Menag Lukman Hakim Siap Jadi Saksi Kasus Jual Beli Jabatan yang Libatkan Romahurmuziy

Lukman mengatakan, pihaknya akan bekerja sama dengan KPK untuk mengungkap kasus ini. Ia juga mengaku siap untuk dipanggil sebagai saksi bila diperlukan.

oleh Ratu Annisaa SuryasumiratDiterbitkan 16 Maret 2019, 22:05 WIB
Menteri Agama Lukman Hakim Saifuddin saat mengikuti raker dengan Komisi VIII DPR di Senayan, Jakarta (24/5). Dalam rapat ini, Menteri Agama mengklarifikasi tentang daftar 200 mubaligh. (Liputan6.com/JohanTallo)

Liputan6.com, Jakarta - Menteri Agama Lukman Hakim Saifuddin meminta maaf dan menyatakan kekecewaannya atas tertangkapnya Ketua Umum Partai Persatuan Pembangunan (PPP) Romahurmuziy atau Rommy oleh Komisi Pemberantasan Korupsi (KPK). Apalagi, Romahurmuziy ditangkap atas dugaan jual beli jabatan di Kementerian Agama.

Lukman mengatakan, pihaknya akan bekerja sama dengan KPK untuk mengungkap kasus ini. Ia juga mengaku siap untuk dipanggil sebagai saksi bila diperlukan.

Menurutnya, hal ini adalah sebuah pelajaran berharga untuk Kemenag dalam meningkatkan integritasnya.

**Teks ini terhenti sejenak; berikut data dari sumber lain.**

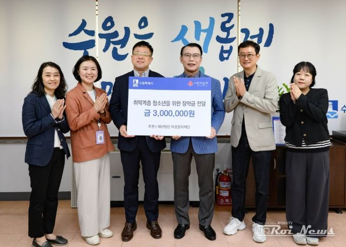 [ 로이뉴스(Roi News) 이지수 기자 ] 아경장학재단이 “취약계층 중·고등학생에게 전달해 달라”며 수원특례시에 300만 원을 기탁했다.
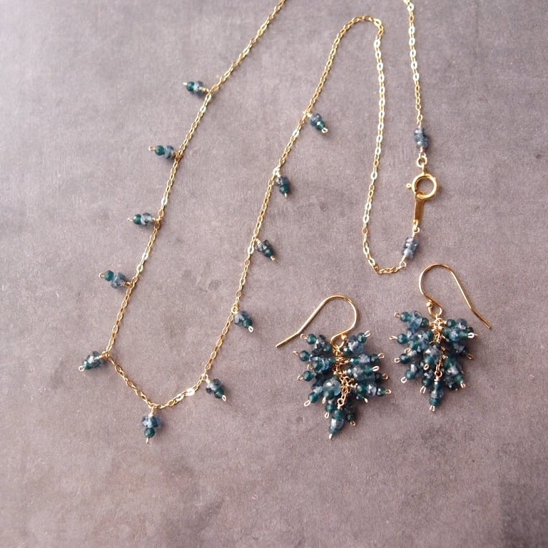 【K14gf】Kyanite × Blue Green Jade Earrings/フリンジピアス

"Itu nggak perlu ditanyakan lagi. Eksplisit saya mengatakan, kita semua di Kemenag akan mendukung penuh seluruh upaya mengungkap dan menuntaskan kasus ini secepat-cepatnya," tutur Lukman di Kantor Kemenag, Thamrin, Jakarta, Sabtu (16/3/2019).

Saksikan video pilihan di bawah ini:

Jual Beli Jabatan

Sebelumnya, Rommy ditetapkan sebagai tersangka dugaan beli jabatan bersama dua orang lainnya, yaitu Kepala Kantor Kemenag Kabupaten Gresik, Muhammad Muafaq Wirahadi (MFQ) dan Kepala Kantor Wilayah (Kakanwil) Kemenag Provinsi Jawa Timur (Jatim), Haris Hasanuddin (HRS).‎

Keduanya diduga sebagai pemberi suap terhadap Rommy.